Я встала и потопала к сумке, чтобы убрать учебник до лучших времен. Когда мне готовиться к экзаменам? Наверно, вместо долгожданной золотой медали — а иначе за что страдать? только за медаль — меня отчислят из сего заведения с позором.
— Хорошая ночнушка, — похвалил мое одеяние Хрякин, разом направив мои мысли в иное русло. Я стала себя разглядывать. Он что, издевается?! Да рубашка на черта похожа, да и ленточки куда-то посеялись… Боже!

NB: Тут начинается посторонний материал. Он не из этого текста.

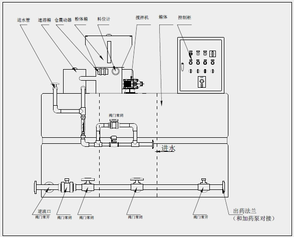 干粉絮凝劑從螺旋推進器內進入速溶器內與清水進行預混,被濕潤的物料進入配制槽進行攪拌稀釋,按要求濃度進行配制;配制過程中,進水量在流量計觀測下必須相對穩(wěn)定,從而保證在整個工作工程中,配制溶液濃度不變。
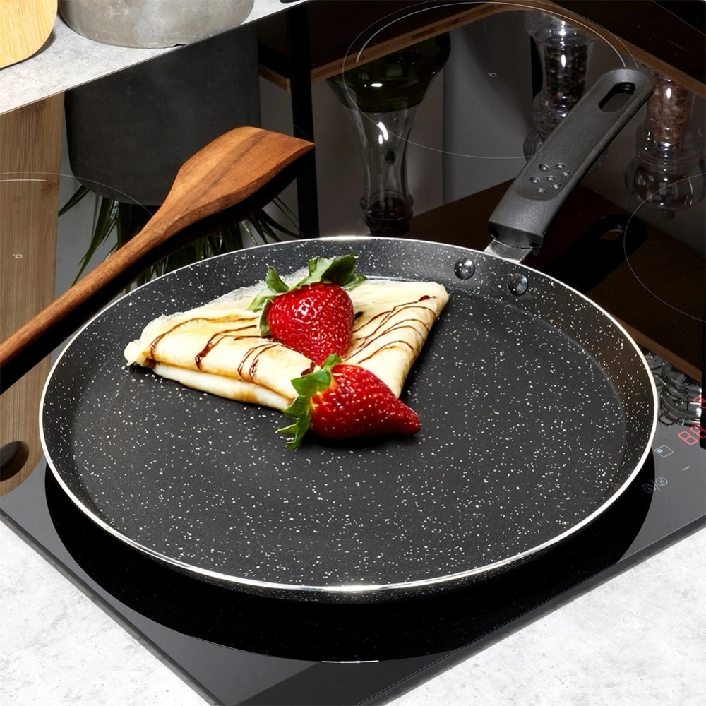 - Odpowiednia do wszystkich kuchenek oraz zmywarki - Przystosowana do kuchenek gazowych, elektrycznych, ceramicznych oraz indukcji. Patelnia jest łatwa w utrzymaniu czystości, nadaje się do mycia w zmywarce do naczyń. Wąskie brzegi patelni ułatwiają wylewanie ciasta, podważanie i obracanie naleśników.

— Ленточки, ленточки-и-и! — запрыгала я.
Но мой парень истолковал это восклицание по-своему и вдумчиво произнес:
— Да, с ленточками было бы лучше. Но так тоже ничего.
— Да нет же. Ленточки! Я знаю, где сейчас маньяк!
Николай спрыгнул с кровати.
— Что?! — Пришлось рассказать ему про ночной поход и про то, откуда взялся в доме участковый. — Нужно сходить к Даниле, — авторитетно заявил Хрякин, выслушав меня от начала до конца и ни разу не перебив. Акунинскому следовало бы поучиться!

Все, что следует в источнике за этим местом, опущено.